» To do: Nothing but the text of the listing, repeated exactly, belongs in the answer; leave the images out.

» Given information:
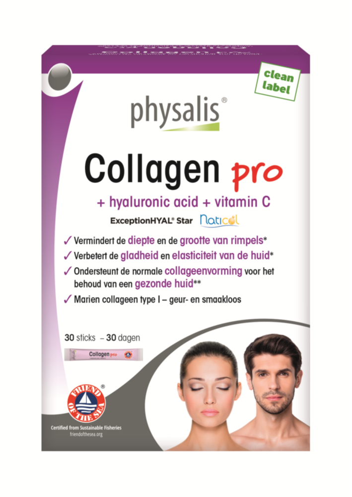 Physalis Collagen Pro Sachets (30st) is een oplosbaar mengsel met collageen, vitamine C en hyaluronzuur. NaticolĀ® is een zeer pure vorm van collageen type I uit vis waarvan de werking onderbouwd is door verschillende studies. Het wordt geproduceerd via een uniek proces
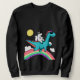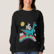 unicorn with sunglasses riding a dinosaur and rain sweatshirt
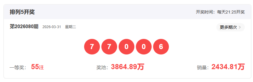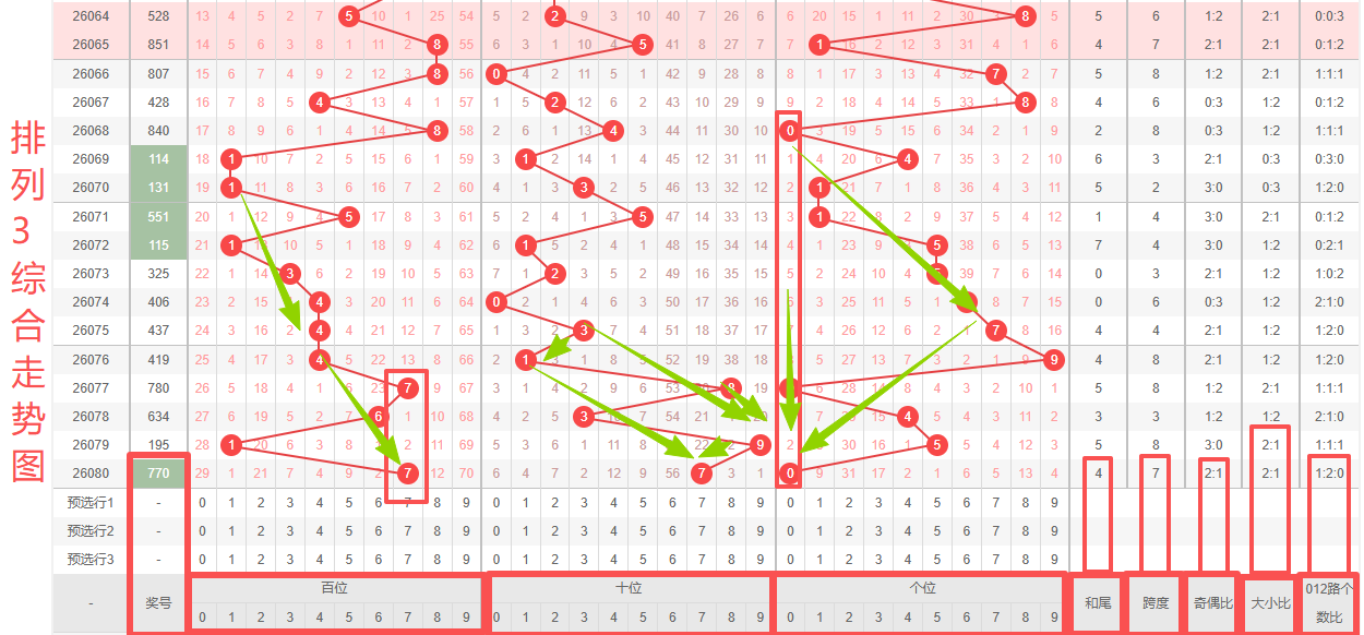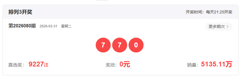 体彩排列3第2026080开奖号码770,形态为组三,奇偶比2:1,和值14,跨度7,大小比2:1,【012】路个数比1:2:0。
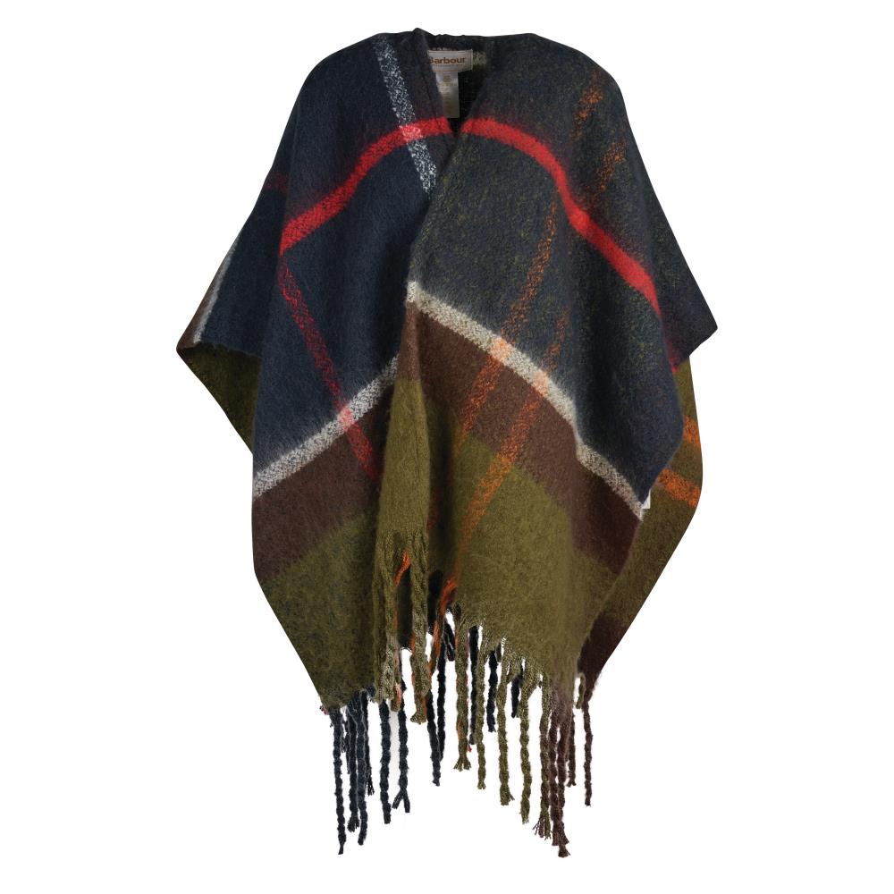 Grand châle à larges carreaux tissé dans les tons automnaux bleu marine, marron et vert. Finitions brossées et bords à franges. Étiquette Barbour tissée à l'arrière du châle.Lire la suite

» Exercise result:
 Physalis Collagen Pro Sachets (30st) is een oplosbaar mengsel met collageen, vitamine C en hyaluronzuur. NaticolĀ® is een zeer pure vorm van collageen type I uit vis waarvan de werking onderbouwd is door verschillende studies. Het wordt geproduceerd via een uniek proces
 unicorn with sunglasses riding a dinosaur and rain sweatshirt
 体彩排列3第2026080开奖号码770,形态为组三,奇偶比2:1,和值14,跨度7,大小比2:1,【012】路个数比1:2:0。
 Grand châle à larges carreaux tissé dans les tons automnaux bleu marine, marron et vert. Finitions brossées et bords à franges. Étiquette Barbour tissée à l'arrière du châle.Lire la suite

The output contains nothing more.